Am I the only one who feels the water and then if it's too hot, runs the hot water out of the hose onto pavement before watering? I'm willing to bet that watering with hot water can damage plants or grass! One time, I tried spraying crabgrass plants in the road with it to see if I could kill them, and they wilted.


----------



## Mightyquinn (Jan 31, 2017)

Never even thought about it really. My front hose is on the North side of my house protected by bushes so it never gets hot from the sun and the one in the back yard is exposed to the Southern sky all day and it does get hot but I can't see it making a huge difference when watering the grass but I could see an issue with some heat sensitive plants or flowers. Of course I don't have any weak and sensitive Cool Season grasses either


----------



## Topcat (Mar 21, 2017)

Last year, I forgot to turn my spigot off after watering potted plants. Several days (three or more) later while cutting the front yard, I noticed a stream of water running from under the fence on the side of the house. I went around back and found that the sun plus the pressurized water created a blister on the hose that ruptured and flooded a portion of the backyard... My wallet felt that when the water bill came. I was really surprised that the water got hot enough in the hose to blister and rupture the hose. And this was not a cheap 9 dollar hose.

So lesson learned... the water in a hose in full sun can get VERY hot


----------



## J_nick (Jan 28, 2017)

@Topcat it probably didn't get hot enough to blister. It was probably due to excessive pressure in the hose. With water filling the hose and it sealed on both ends, once the sun starts rising the temps the water will try to expand with no where to go.

At work I deal with salt water and we closed a few valves to isolate a section of pipe. The next day we were getting alarms of high pressure over 1000 psi, the system is normally operates under 300 psi.


----------



## J_nick (Jan 28, 2017)

I guess it was open on the faucet side so yours wouldn't be a closed system.


----------



## Spammage (Apr 30, 2017)

Green said:


> Am I the only one who feels the water and then if it's too hot, runs the hot water out of the hose onto pavement before watering?
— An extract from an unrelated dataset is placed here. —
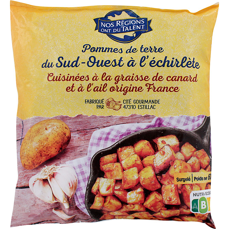 Morceaux de pommes de terre préfrits, enrobés à la graisse de canard et à l'ail, surgelés NOS REGIONS ONT DU TALENT
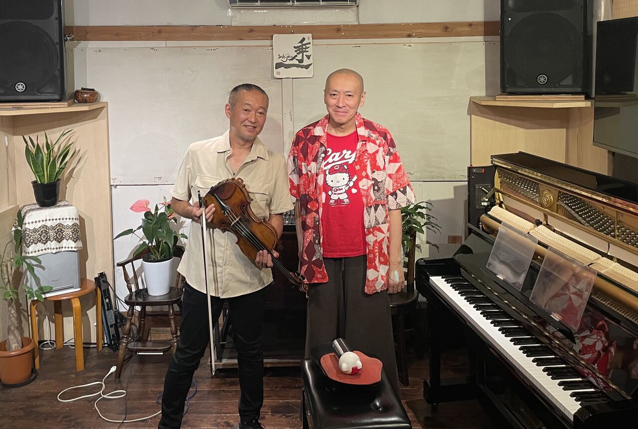 5.17.@ピットインへ向けての「かすみ弦楽ラボ」のリハがありました。かすみは譜面を使わないので、リハと言っても何かのチャートやパート譜をしっかり練習、という事はありません。メンバー通しの違いをしっかりと体感し合った上でいかに即興的にアンサンブルを作っていけるか。セッションを重ね、アドリブを出し合い、同じ時空間を過ごす事でバンドとしてのグルーヴを追求しています。今回はスペシャルゲストに、須川崇志さんをお迎えします。

I do this, with the exception that in the summer with black hoses I don't even feel the water because I know it's hot enough to burn. Boiling water is the fastest way to kill weeds or any other plant so I don't take any chances.


----------



## Colonel K0rn (Jul 4, 2017)

J_nick said:


> At work I deal with salt water and we closed a few valves to isolate a section of pipe. The next day we were getting alarms of high pressure over 1000 psi, the system is normally operates under 300 psi.


Holy crap. Reading that brought to mind some of the OSHA accident re-enactment videos that I've watched. Ever seen some of those?


----------